[Exercise prompt]:
Copy, word for word, the lines of the listing below from the line with "La serie GI" up to and including the line with "This commissioned artist". Drop the pictures.

[Record extracts]:
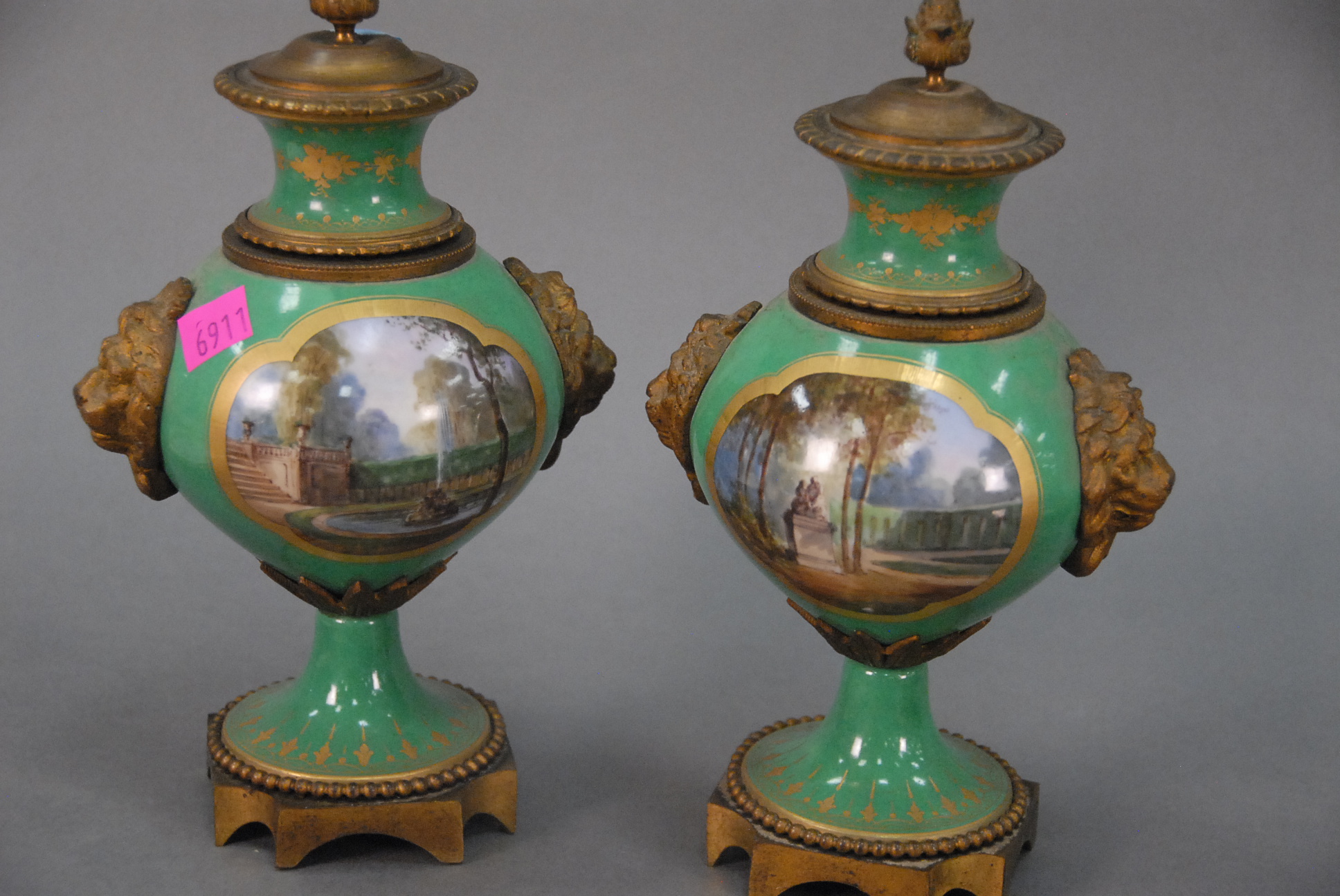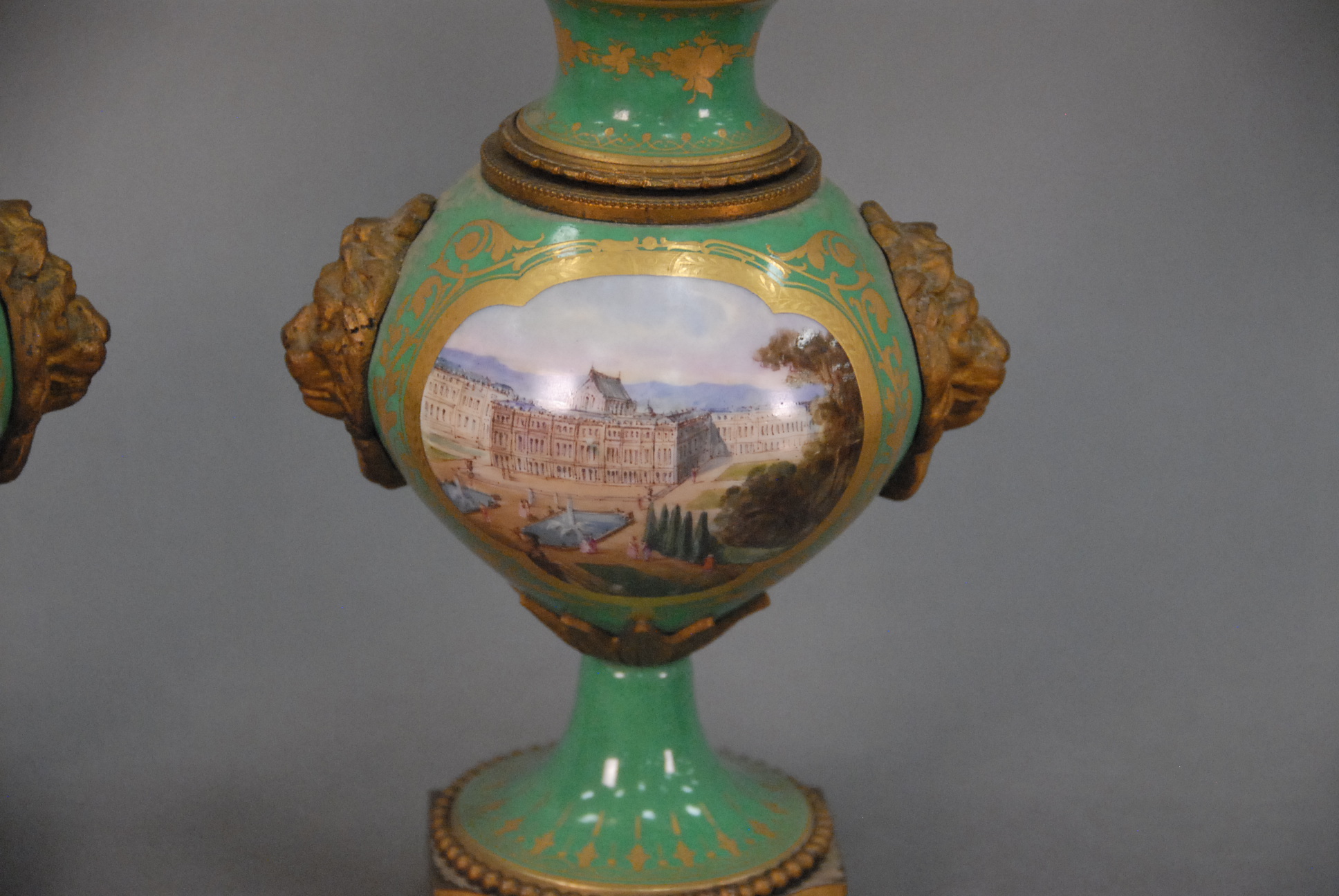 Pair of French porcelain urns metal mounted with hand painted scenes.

==

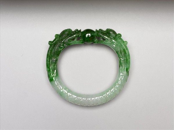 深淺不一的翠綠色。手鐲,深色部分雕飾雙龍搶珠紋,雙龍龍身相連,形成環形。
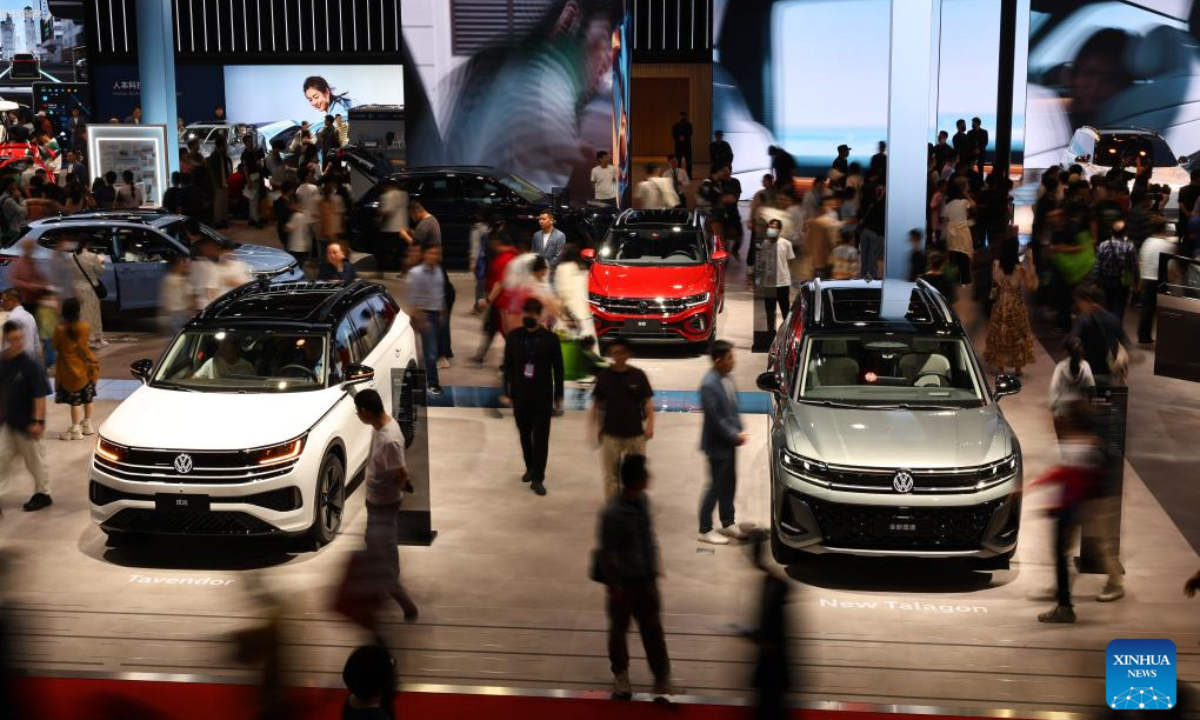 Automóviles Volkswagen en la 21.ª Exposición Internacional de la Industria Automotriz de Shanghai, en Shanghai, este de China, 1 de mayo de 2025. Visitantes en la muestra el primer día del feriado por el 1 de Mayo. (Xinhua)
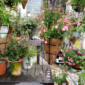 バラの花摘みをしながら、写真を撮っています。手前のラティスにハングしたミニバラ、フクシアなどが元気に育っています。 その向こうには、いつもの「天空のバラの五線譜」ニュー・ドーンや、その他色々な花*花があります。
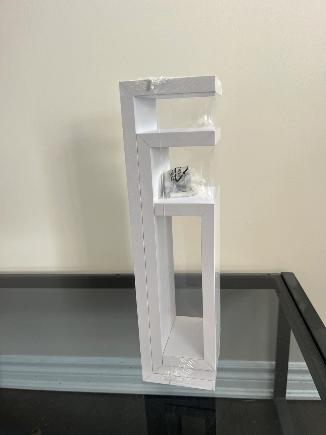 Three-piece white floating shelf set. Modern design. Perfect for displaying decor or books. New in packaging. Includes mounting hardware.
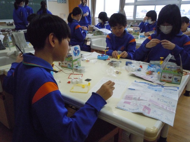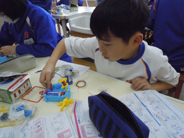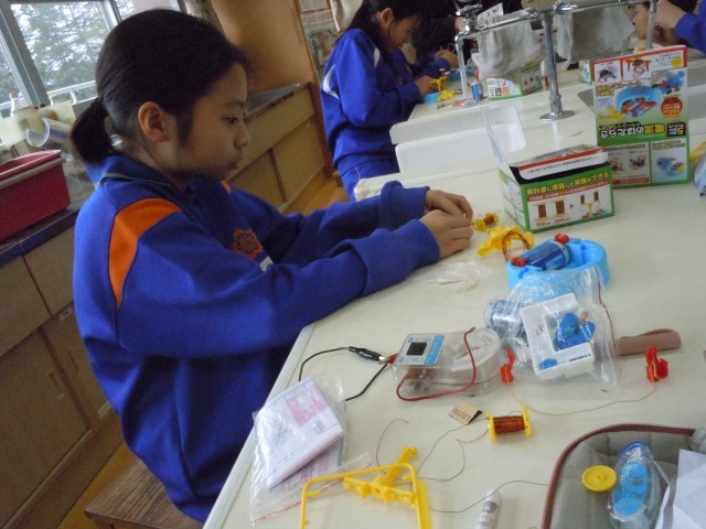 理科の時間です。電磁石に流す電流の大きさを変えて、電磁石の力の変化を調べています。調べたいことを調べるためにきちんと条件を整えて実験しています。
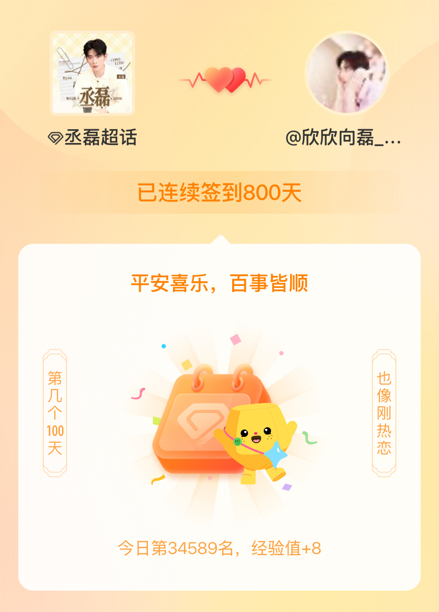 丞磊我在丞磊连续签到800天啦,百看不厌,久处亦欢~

--

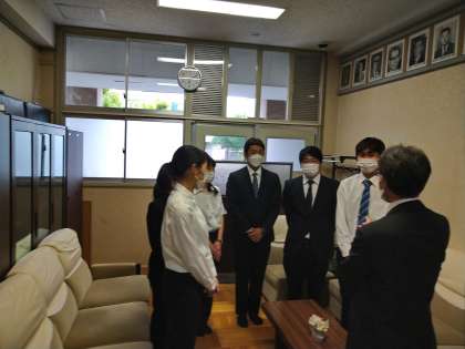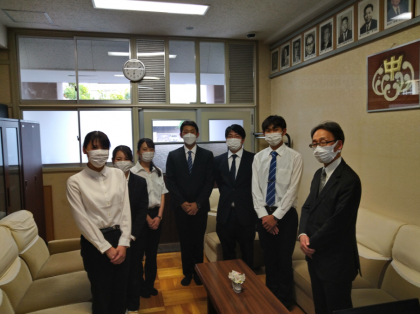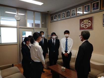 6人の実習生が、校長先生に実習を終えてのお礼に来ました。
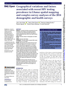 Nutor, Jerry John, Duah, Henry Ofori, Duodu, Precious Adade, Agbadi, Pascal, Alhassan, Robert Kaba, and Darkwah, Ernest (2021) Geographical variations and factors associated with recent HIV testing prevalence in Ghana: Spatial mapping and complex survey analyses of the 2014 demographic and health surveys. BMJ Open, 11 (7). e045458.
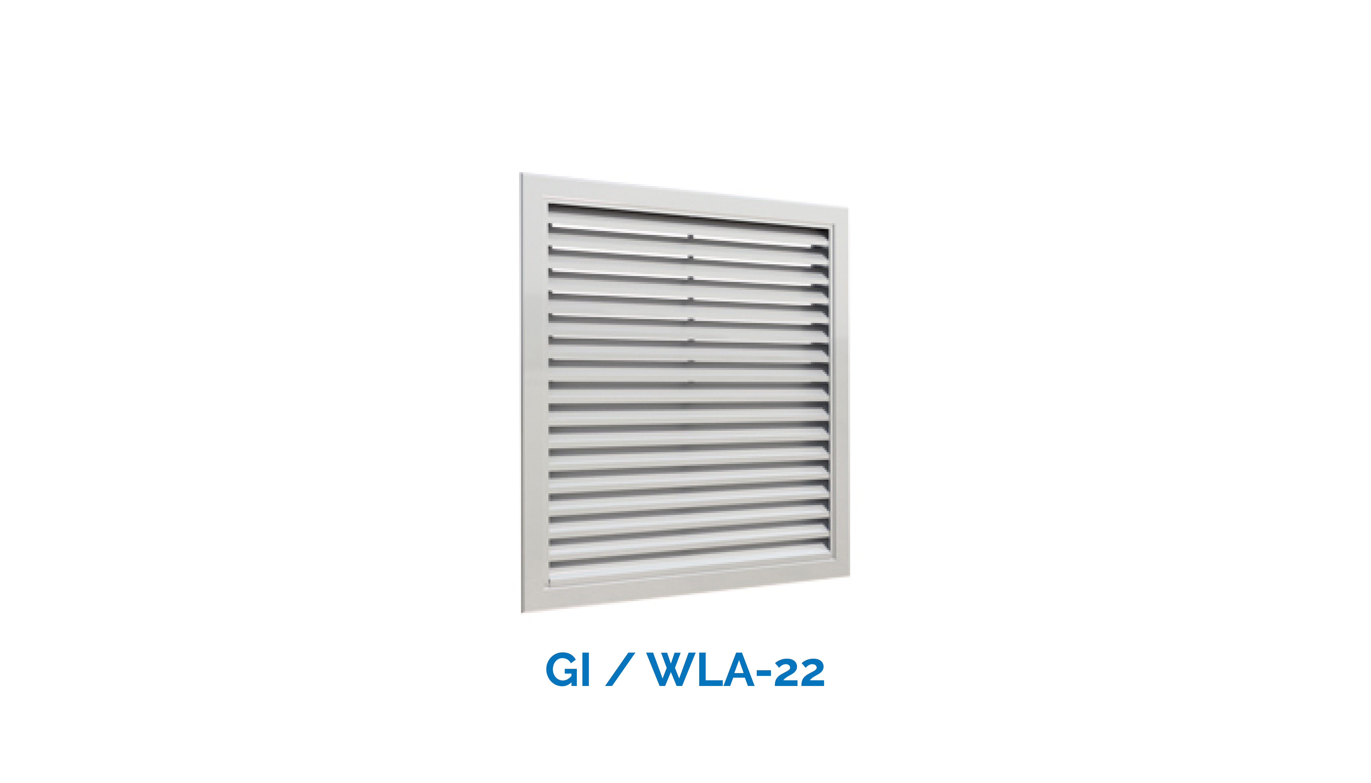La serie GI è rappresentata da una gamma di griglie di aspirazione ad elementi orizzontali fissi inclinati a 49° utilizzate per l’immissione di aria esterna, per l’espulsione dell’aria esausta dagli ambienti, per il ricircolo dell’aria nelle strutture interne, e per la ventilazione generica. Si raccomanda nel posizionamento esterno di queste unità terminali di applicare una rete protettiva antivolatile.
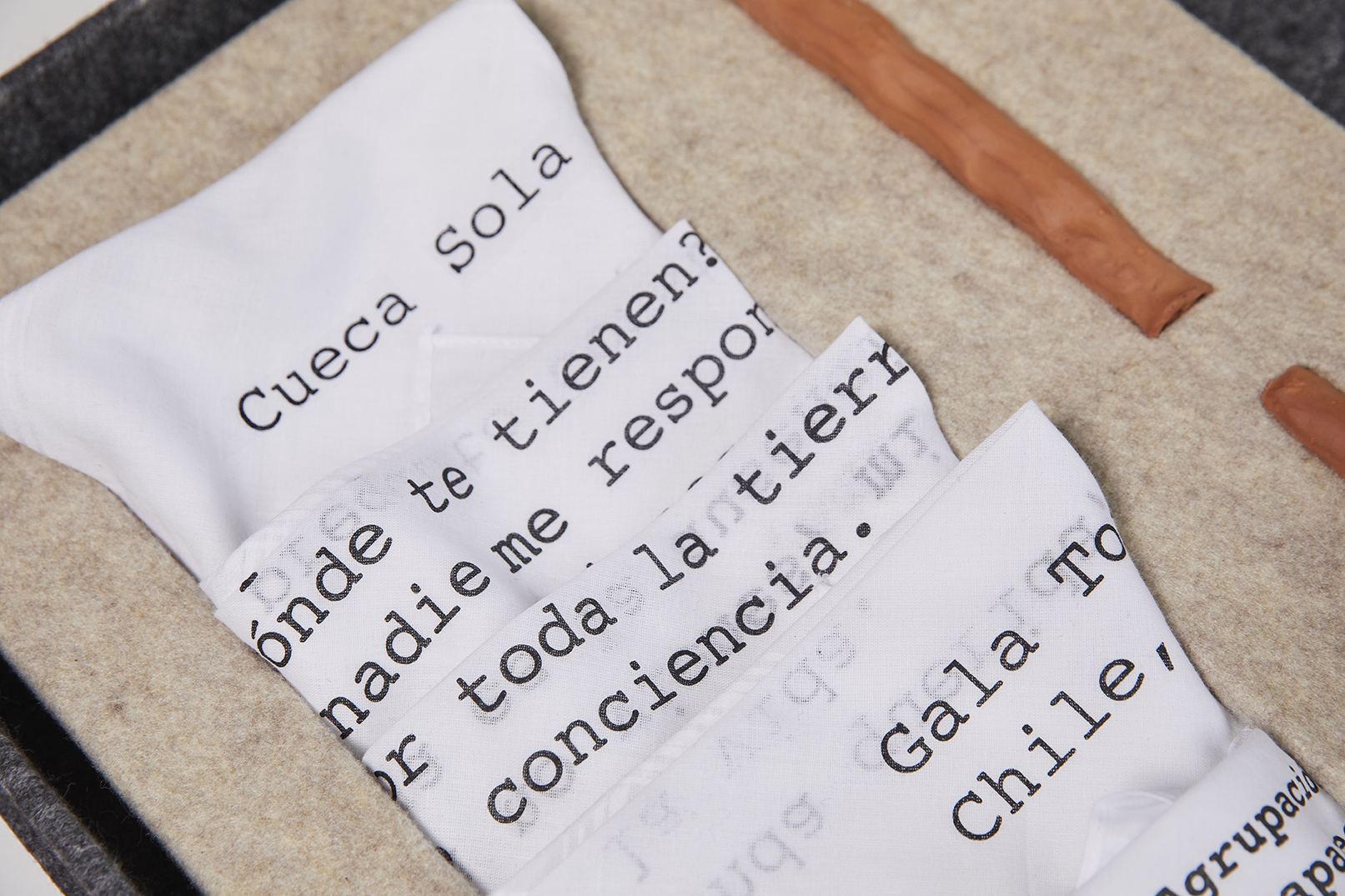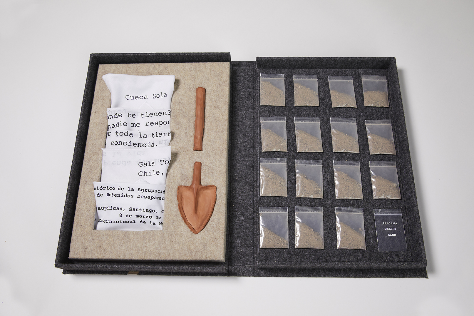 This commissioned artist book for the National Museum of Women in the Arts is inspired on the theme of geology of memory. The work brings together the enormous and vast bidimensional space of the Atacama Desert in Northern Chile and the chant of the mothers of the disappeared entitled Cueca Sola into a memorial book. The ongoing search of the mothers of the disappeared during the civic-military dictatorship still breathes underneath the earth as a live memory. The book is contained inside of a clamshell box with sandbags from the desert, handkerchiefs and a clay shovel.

[Reply]:
La serie GI è rappresentata da una gamma di griglie di aspirazione ad elementi orizzontali fissi inclinati a 49° utilizzate per l’immissione di aria esterna, per l’espulsione dell’aria esausta dagli ambienti, per il ricircolo dell’aria nelle strutture interne, e per la ventilazione generica. Si raccomanda nel posizionamento esterno di queste unità terminali di applicare una rete protettiva antivolatile.
 This commissioned artist book for the National Museum of Women in the Arts is inspired on the theme of geology of memory. The work brings together the enormous and vast bidimensional space of the Atacama Desert in Northern Chile and the chant of the mothers of the disappeared entitled Cueca Sola into a memorial book. The ongoing search of the mothers of the disappeared during the civic-military dictatorship still breathes underneath the earth as a live memory. The book is contained inside of a clamshell box with sandbags from the desert, handkerchiefs and a clay shovel.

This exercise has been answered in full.